Acquisitive Sanderson Group plc has posted only a small increase in sales and profits for the full year, ended 30 September. At the software and IT services group, revenue increased to £21.56m, compared to £21.32m last year. And operating profit increased to £3.9m compared to £3.69m last time. Despite the slow overall growth, Sanderson is still putting share dividends up 11%.
Last week, Sanderson acquired supply chain and ERP solutions provider Anisa for an enterprise value of £12m. Anisa has around 250 customers globally who are mainly on support contracts.

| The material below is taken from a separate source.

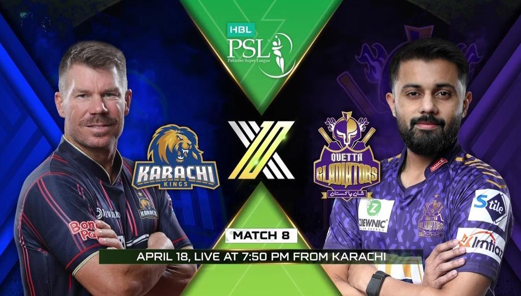 Karachi Kings vs Quetta Gladiators, 8th Match Pakistan Super League, 2025 : पाकिस्तान सुपर लीग 2025 का सातवां मैच कोटा ग्लडिएटर्स और कराची किंग्स के बीच नेशनल स्टेडियम कराची मेंआज यानि 18 अप्रैल को पाकिस्तानी टाइम के मुताबिक रात 8:00 बजे खेला जाएगा दोनों टीमों केबीच मैच खेले गए जायेगे |

For the full year, pre-contracted recurring revenues increased to £11.18m compared to £10.75m in 2016, representing 52% of total revenue in the period (2016: 50%). There was also continued strong cash generation with a net cash balance at 30 September of £6.18m (2016: £4.34m), “well ahead of market expectations”, said Sanderson.
The proposed final dividend is up 11% to 1.55 pence per share (2016: 1.4 pence), making a total dividend for the year of 2.65 pence (2016: 2.4 pence).
Sanderson chairman Christopher Winn (above) said of the results: "The group's continuing strong cash generation enables the board to maintain a progressive dividend policy, whilst continuing to invest in the further development of the group's businesses.
“The board remains focussed upon further increasing shareholder value by continuing to deliver both organic and acquisitive growth, achieving 'on target' results, increasing earnings, achieving strong cash generation and maintaining a robust balance sheet."